◆ Data provided
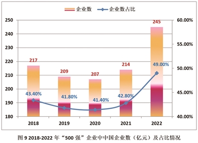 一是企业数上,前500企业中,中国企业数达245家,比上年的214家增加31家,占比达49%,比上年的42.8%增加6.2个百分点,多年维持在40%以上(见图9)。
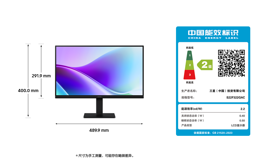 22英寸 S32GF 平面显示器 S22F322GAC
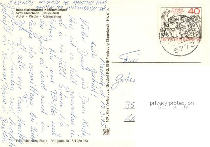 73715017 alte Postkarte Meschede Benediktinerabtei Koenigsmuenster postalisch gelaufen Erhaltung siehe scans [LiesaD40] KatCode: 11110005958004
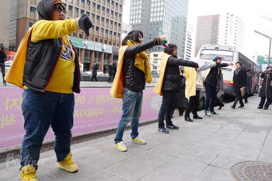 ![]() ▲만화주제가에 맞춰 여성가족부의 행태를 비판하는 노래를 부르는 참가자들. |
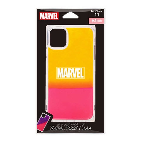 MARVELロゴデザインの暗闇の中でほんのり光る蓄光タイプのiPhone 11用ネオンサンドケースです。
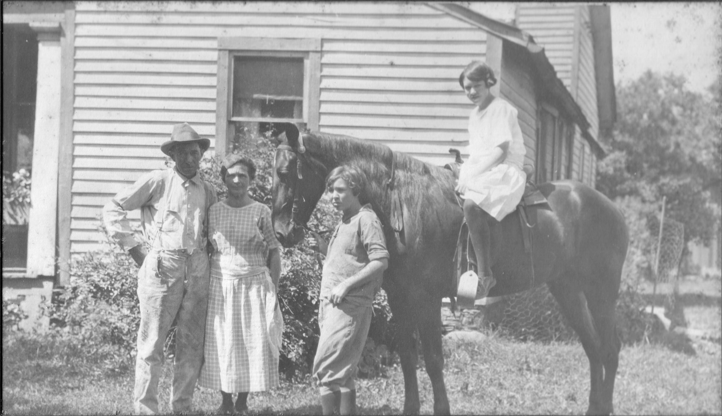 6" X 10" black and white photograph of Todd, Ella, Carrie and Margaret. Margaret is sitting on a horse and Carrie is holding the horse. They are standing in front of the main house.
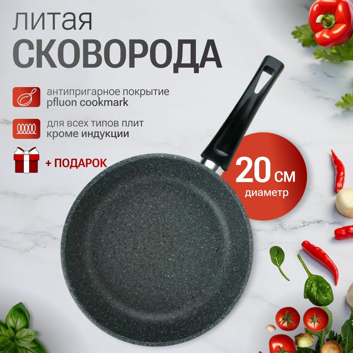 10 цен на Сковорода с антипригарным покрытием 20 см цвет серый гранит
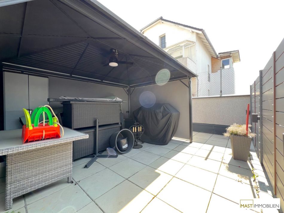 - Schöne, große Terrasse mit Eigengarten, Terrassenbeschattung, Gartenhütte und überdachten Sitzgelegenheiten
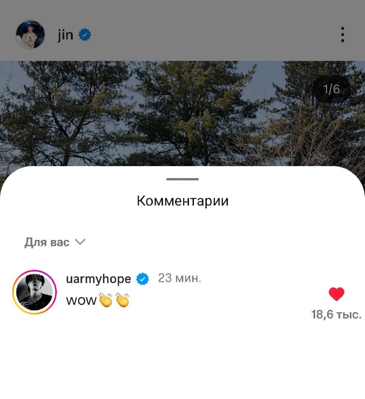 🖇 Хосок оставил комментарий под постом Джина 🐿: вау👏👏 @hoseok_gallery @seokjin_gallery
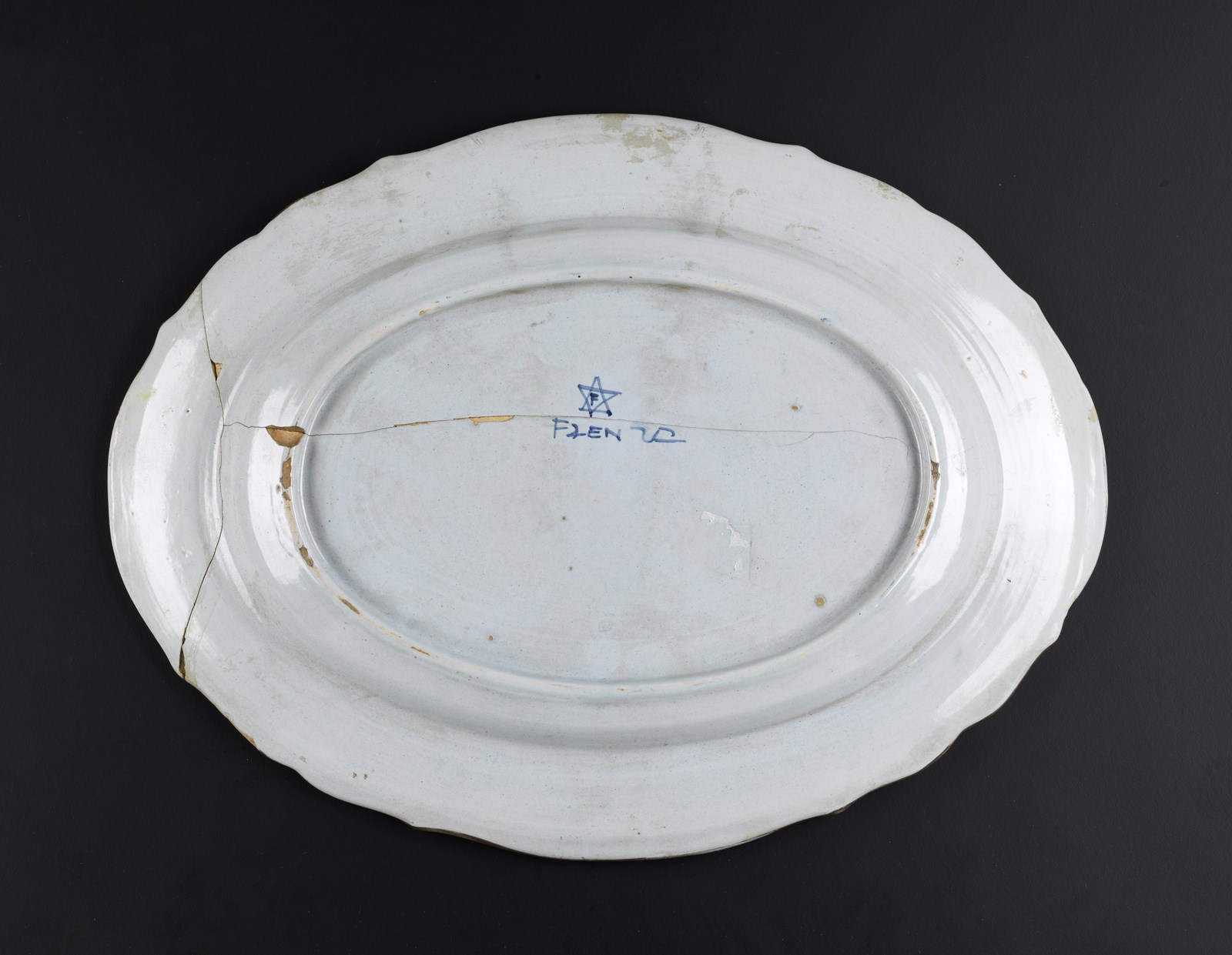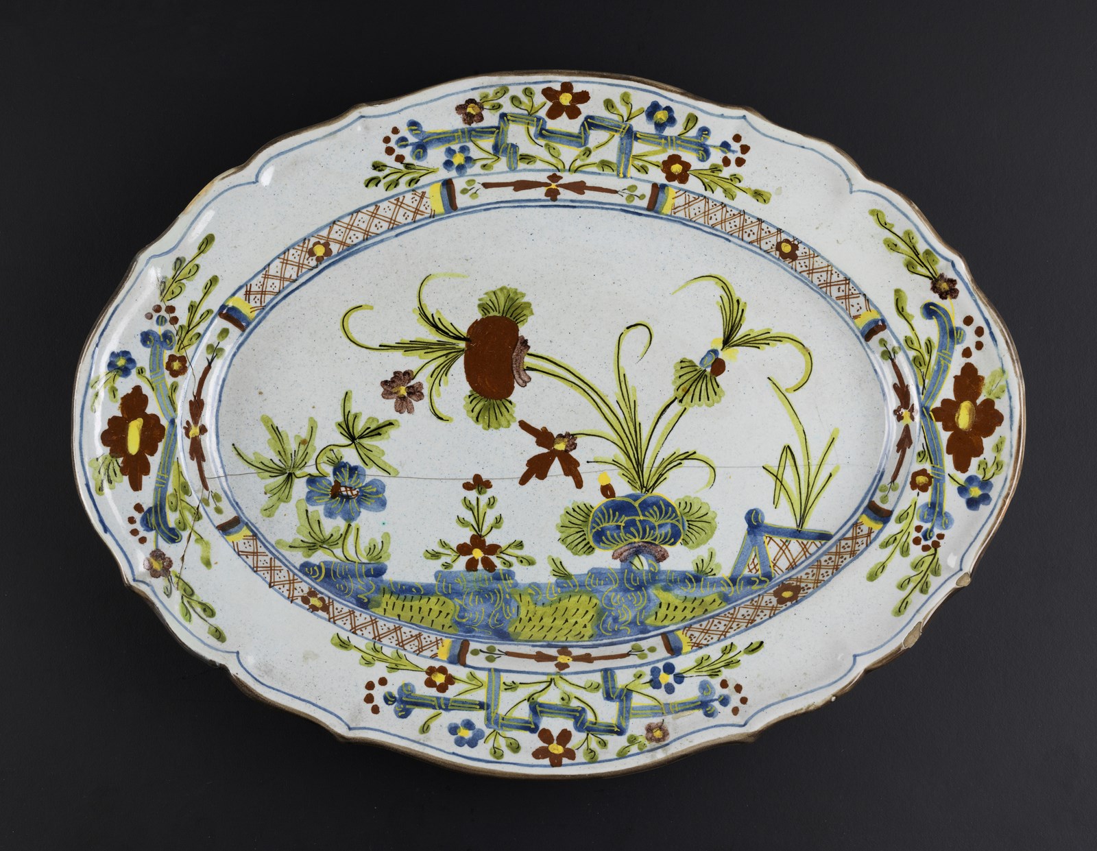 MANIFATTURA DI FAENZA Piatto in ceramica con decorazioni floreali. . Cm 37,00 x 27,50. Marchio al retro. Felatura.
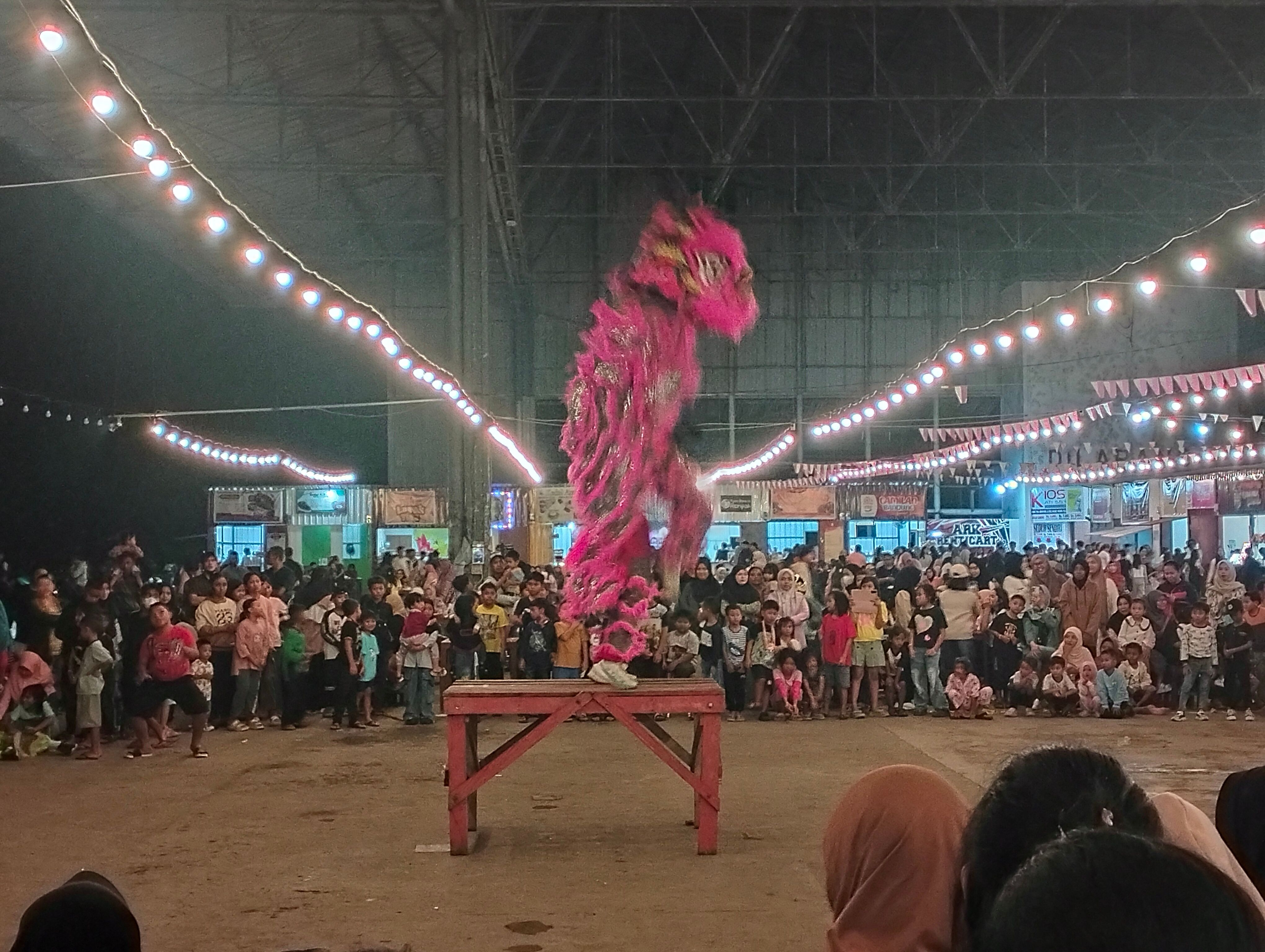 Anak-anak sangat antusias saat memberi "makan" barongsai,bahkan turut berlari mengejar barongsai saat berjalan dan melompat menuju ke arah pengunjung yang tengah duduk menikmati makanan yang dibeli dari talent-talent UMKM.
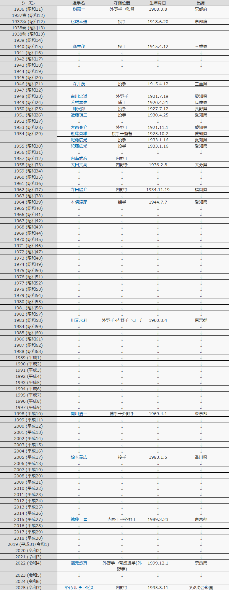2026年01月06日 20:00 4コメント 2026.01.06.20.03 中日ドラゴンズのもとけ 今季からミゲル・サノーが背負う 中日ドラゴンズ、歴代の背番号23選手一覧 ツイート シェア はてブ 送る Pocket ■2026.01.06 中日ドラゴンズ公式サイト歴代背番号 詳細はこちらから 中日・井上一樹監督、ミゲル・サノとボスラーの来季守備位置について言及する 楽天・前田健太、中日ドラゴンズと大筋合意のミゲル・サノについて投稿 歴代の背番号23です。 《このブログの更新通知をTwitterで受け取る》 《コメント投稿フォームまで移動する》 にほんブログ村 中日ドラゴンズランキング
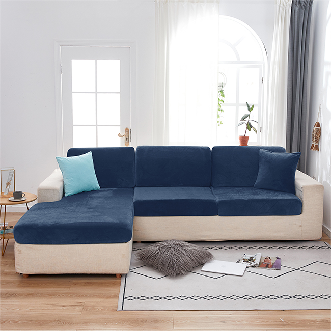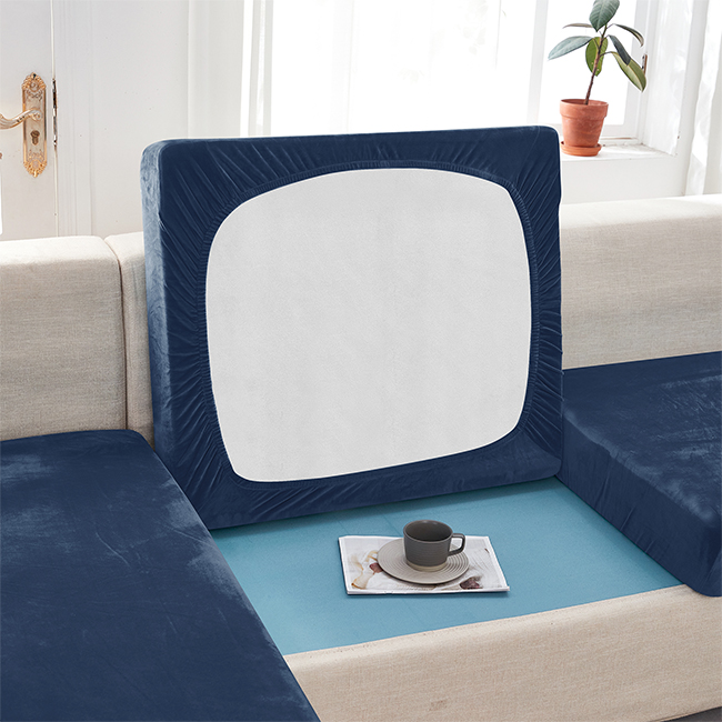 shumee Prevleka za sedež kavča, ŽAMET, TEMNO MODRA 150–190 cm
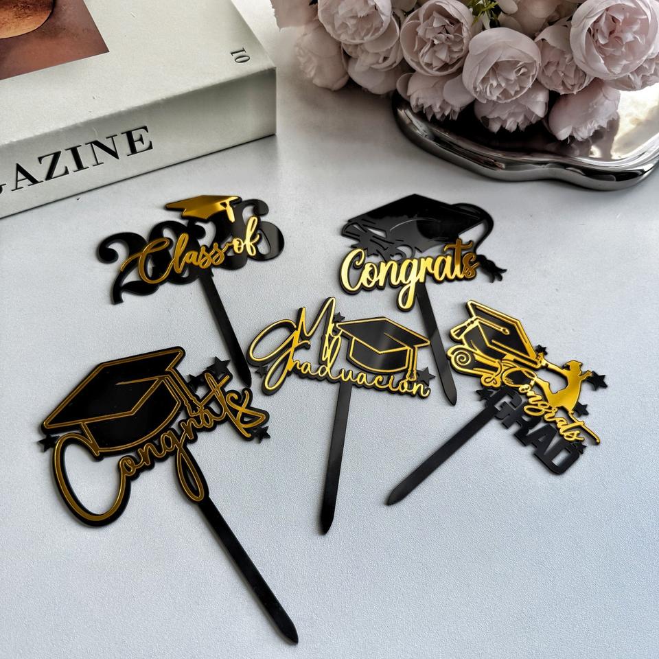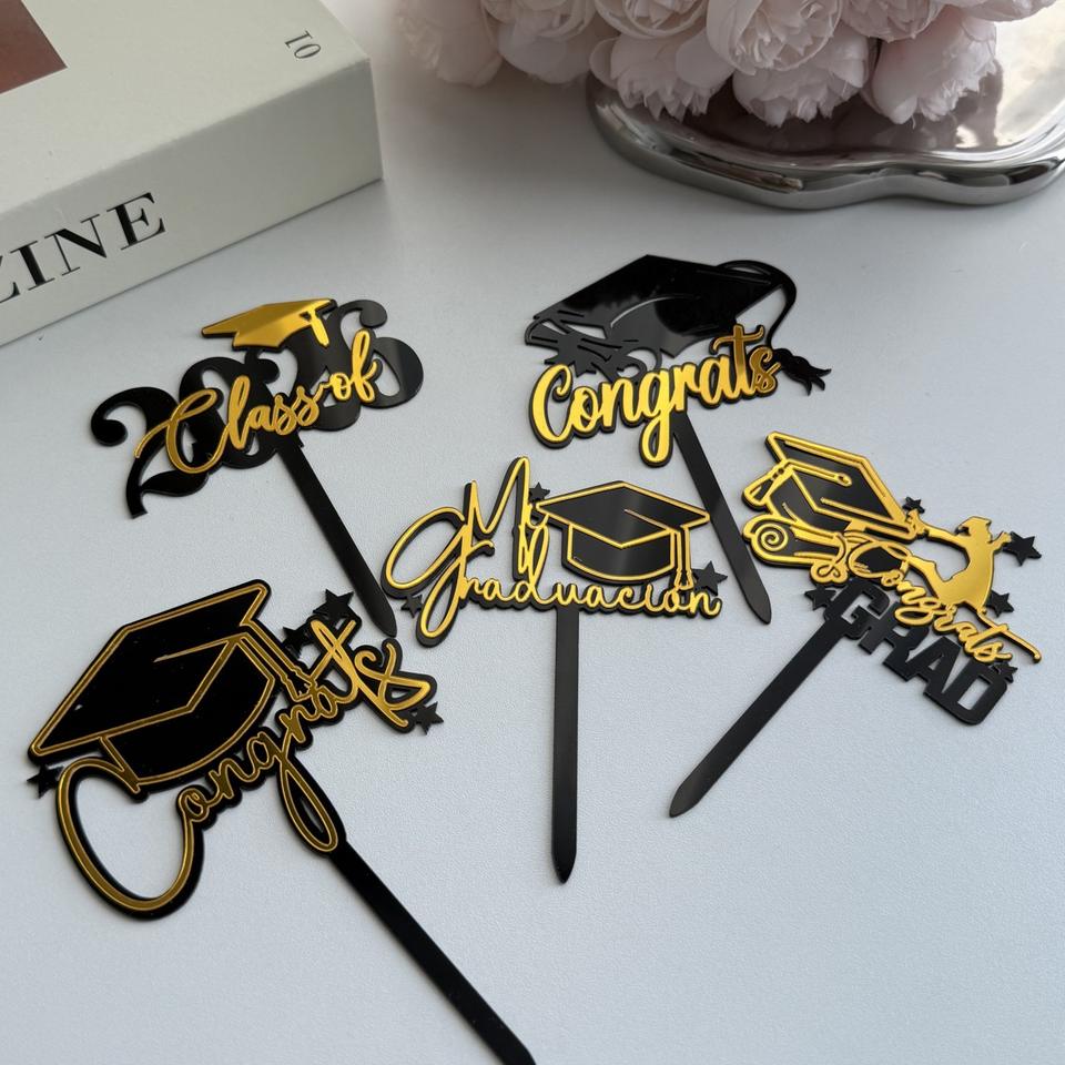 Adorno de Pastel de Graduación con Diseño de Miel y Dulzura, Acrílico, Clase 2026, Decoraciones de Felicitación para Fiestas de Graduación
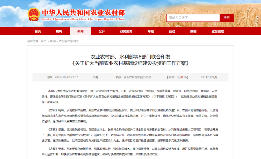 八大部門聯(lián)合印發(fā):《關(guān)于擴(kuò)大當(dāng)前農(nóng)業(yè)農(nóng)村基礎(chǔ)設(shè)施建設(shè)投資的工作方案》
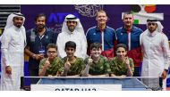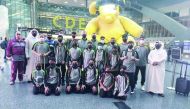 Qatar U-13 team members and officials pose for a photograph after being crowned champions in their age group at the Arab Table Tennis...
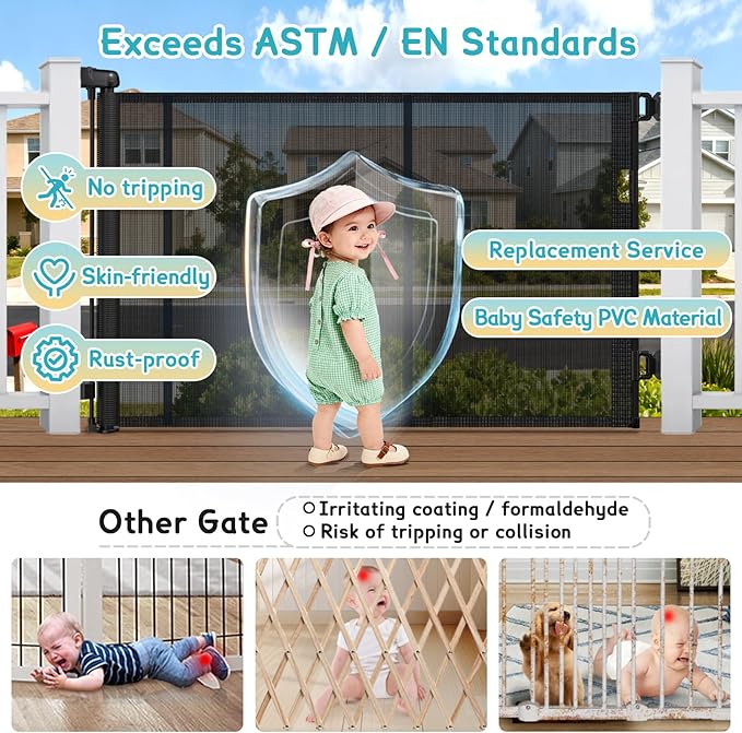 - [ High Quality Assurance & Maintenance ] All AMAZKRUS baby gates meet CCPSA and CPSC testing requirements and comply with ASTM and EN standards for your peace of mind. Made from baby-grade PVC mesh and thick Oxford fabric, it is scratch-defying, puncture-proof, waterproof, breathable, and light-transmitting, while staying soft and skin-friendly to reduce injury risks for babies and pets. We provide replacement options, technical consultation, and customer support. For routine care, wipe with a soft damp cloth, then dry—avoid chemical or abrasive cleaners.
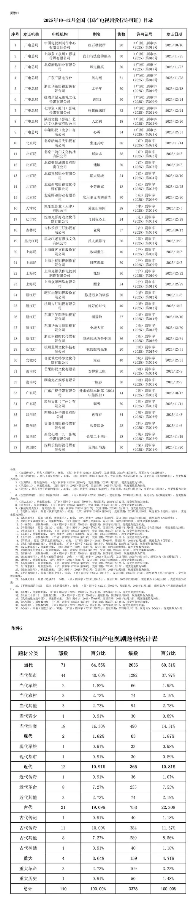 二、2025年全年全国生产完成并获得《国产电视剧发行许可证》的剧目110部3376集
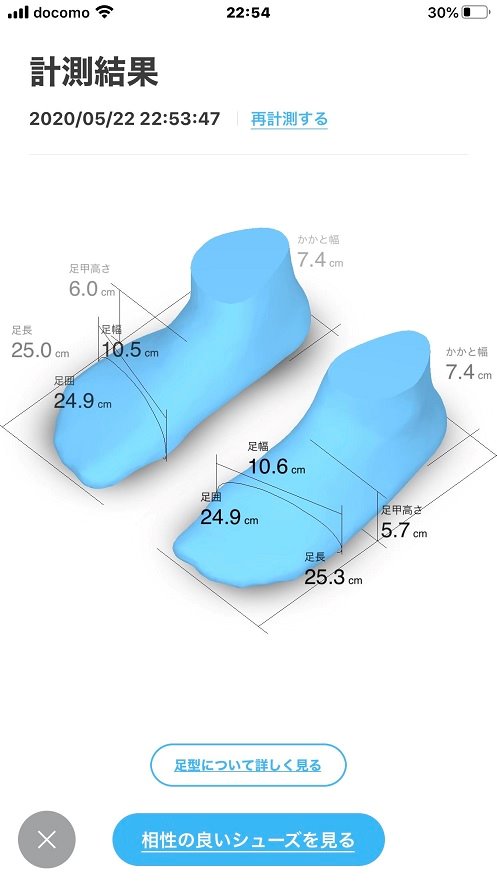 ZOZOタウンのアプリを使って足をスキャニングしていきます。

◆ Exercise aim
No pictures belong in the copy. Retype exactly, and only, the lines from the line containing "2026年01月06日 20:00 4コメント" through the last line of the data, both included.

◆ Answer section
2026年01月06日 20:00 4コメント 2026.01.06.20.03 中日ドラゴンズのもとけ 今季からミゲル・サノーが背負う 中日ドラゴンズ、歴代の背番号23選手一覧 ツイート シェア はてブ 送る Pocket ■2026.01.06 中日ドラゴンズ公式サイト歴代背番号 詳細はこちらから 中日・井上一樹監督、ミゲル・サノとボスラーの来季守備位置について言及する 楽天・前田健太、中日ドラゴンズと大筋合意のミゲル・サノについて投稿 歴代の背番号23です。 《このブログの更新通知をTwitterで受け取る》 《コメント投稿フォームまで移動する》 にほんブログ村 中日ドラゴンズランキング
 shumee Prevleka za sedež kavča, ŽAMET, TEMNO MODRA 150–190 cm
 Adorno de Pastel de Graduación con Diseño de Miel y Dulzura, Acrílico, Clase 2026, Decoraciones de Felicitación para Fiestas de Graduación
 八大部門聯(lián)合印發(fā):《關(guān)于擴(kuò)大當(dāng)前農(nóng)業(yè)農(nóng)村基礎(chǔ)設(shè)施建設(shè)投資的工作方案》
 Qatar U-13 team members and officials pose for a photograph after being crowned champions in their age group at the Arab Table Tennis...
 - [ High Quality Assurance & Maintenance ] All AMAZKRUS baby gates meet CCPSA and CPSC testing requirements and comply with ASTM and EN standards for your peace of mind. Made from baby-grade PVC mesh and thick Oxford fabric, it is scratch-defying, puncture-proof, waterproof, breathable, and light-transmitting, while staying soft and skin-friendly to reduce injury risks for babies and pets. We provide replacement options, technical consultation, and customer support. For routine care, wipe with a soft damp cloth, then dry—avoid chemical or abrasive cleaners.
 二、2025年全年全国生产完成并获得《国产电视剧发行许可证》的剧目110部3376集
 ZOZOタウンのアプリを使って足をスキャニングしていきます。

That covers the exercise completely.